Et sur le terrain de la communication, les quelques prises de paroles publiques de Didier Lallement n’ont pas amélioré sa popularité. Pourtant soumis à un devoir de réserve, comme son poste l’exige, le préfet de police de Paris a offert quelques sorties inhabituelles. Comme en novembre 2019, où, interpellé par une militante des « gilets jaunes », il répond : « Nous ne sommes pas du même camp, madame ! », avant de tourner les talons. Il reconnaîtra deux jours plus tard « une maladresse ». Ou en avril 2020, en plein déferlement du Covid-19, quand il épingle certains patients : « Ceux qui sont aujourd’hui hospitalisés, qu’on trouve dans les réanimations, sont ceux qui au début du confinement ne l’ont pas respecté. Il y a une corrélation très simple ». Le mea culpa arrivera quelques heures plus tard via un communiqué dans lequel le fonctionnaire affirme « regretter » ses propos.

« Une main de fer »

Et la liste est encore longue : violences lors d’une manifestation féministe en mars 2020, évacuation musclée de migrants place de la République en novembre de la même année, conflit sur la gestion du crack à Paris… En décembre 2020, plus de 70 élus parisiens avaient même réclamé sa démission : « La présence de M. Lallement au poste de préfet de police de Paris non seulement n’est pas, comme l’exigerait sa fonction, une garantie de protection de la sécurité des Parisien.ne.s, mais plus encore qu’elle les met en danger », avaient-ils écrit dans un courrier adressé à Emmanuel Macron. Plus récemment, c’est le chaos lors de la finale de la Ligue des champions, au Stade de France, qui a remis la lumière sur lui.

A l’heure de son départ, au sein des forces de l’ordre, certains dépeignent un homme froid, pas vraiment partisan du dialogue avec ses effectifs. « Il a dirigé la préfecture d’une main de fer, c’est quelqu’un de très psychorigide, avec une idée précise de ce que doit être la police.
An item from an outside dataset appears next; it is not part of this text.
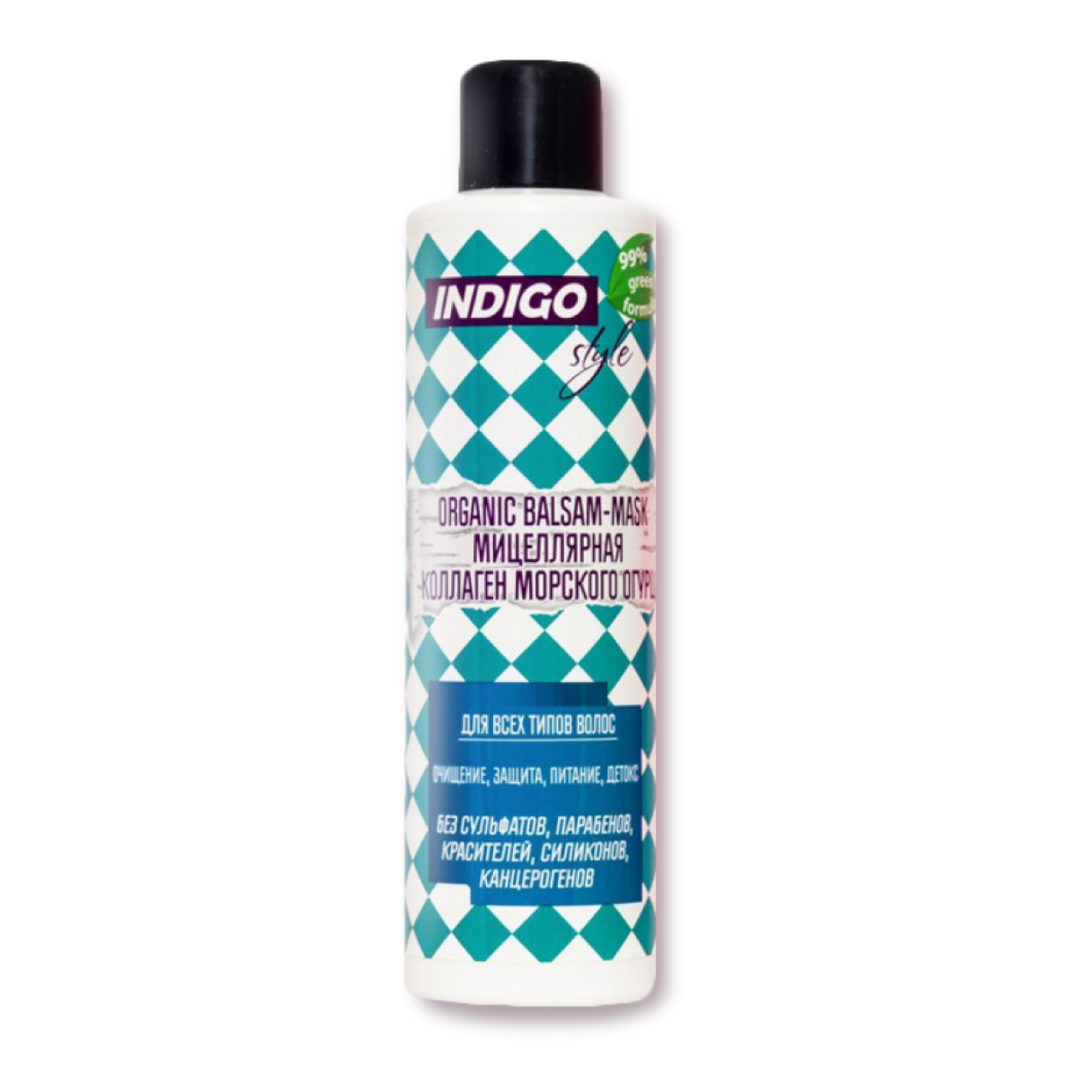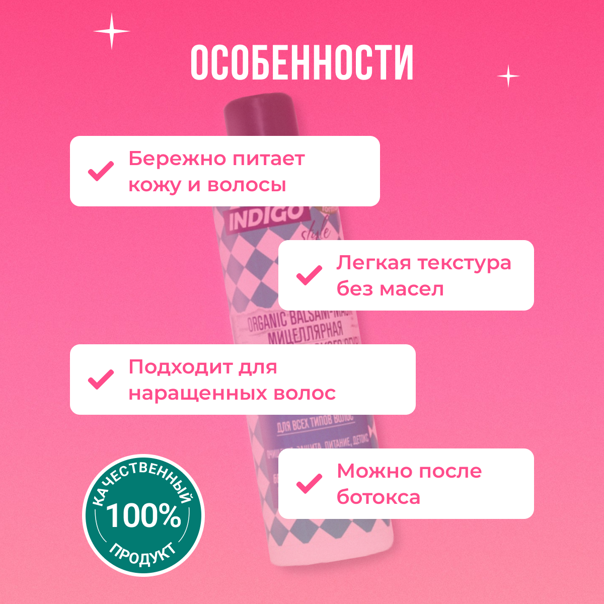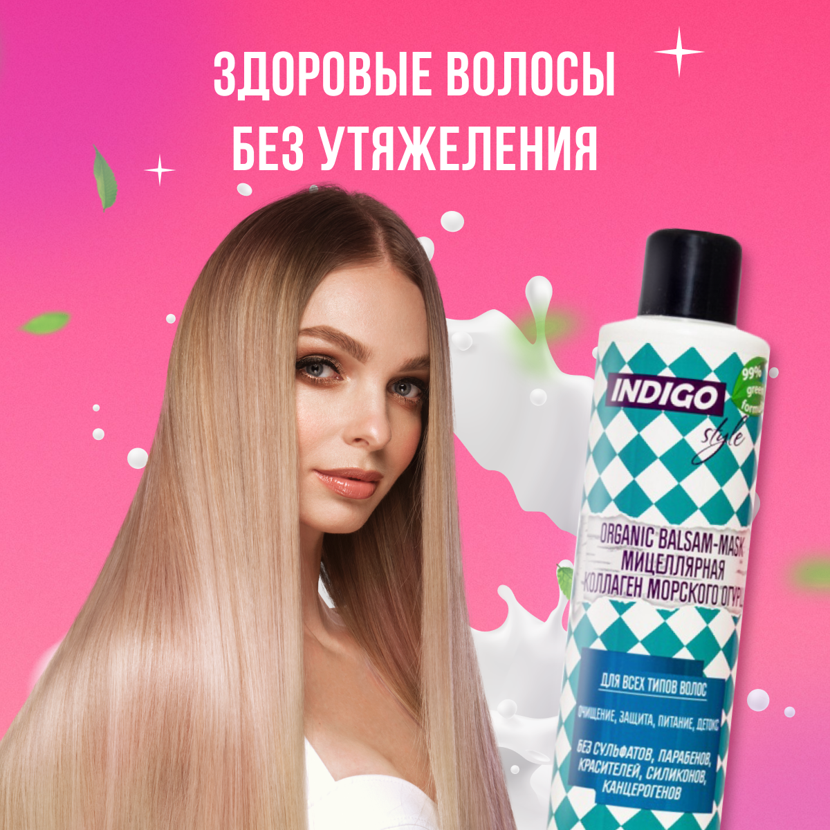 Indigo Style Органик бальзам-маска для волос мицеллярная, увлажняющая, профессиональная, без сульфатов, парабенов и красителей 200 мл

Il n’était pas partisan du partage, il décidait sans prendre en compte les remarques qu’on pouvait lui faire », décrit une source syndicale. « Son mandat a été un des plus difficiles avec la période tourmentée que l’on connaît, il faut quand même le reconnaître. Le dialogue, il le gère de la même manière que l’ordre, avec autorité et fermeté », tempère de son côté Fabien Vanhemelryck.

Son successeur suivra-t-il le même chemin ? Selon des sources policières et plusieurs médias, Laurent Nuñez, actuel coordonnateur national du renseignement et de la lutte contre le terrorisme, qui est le grand favori pour héritier du prestigieux poste.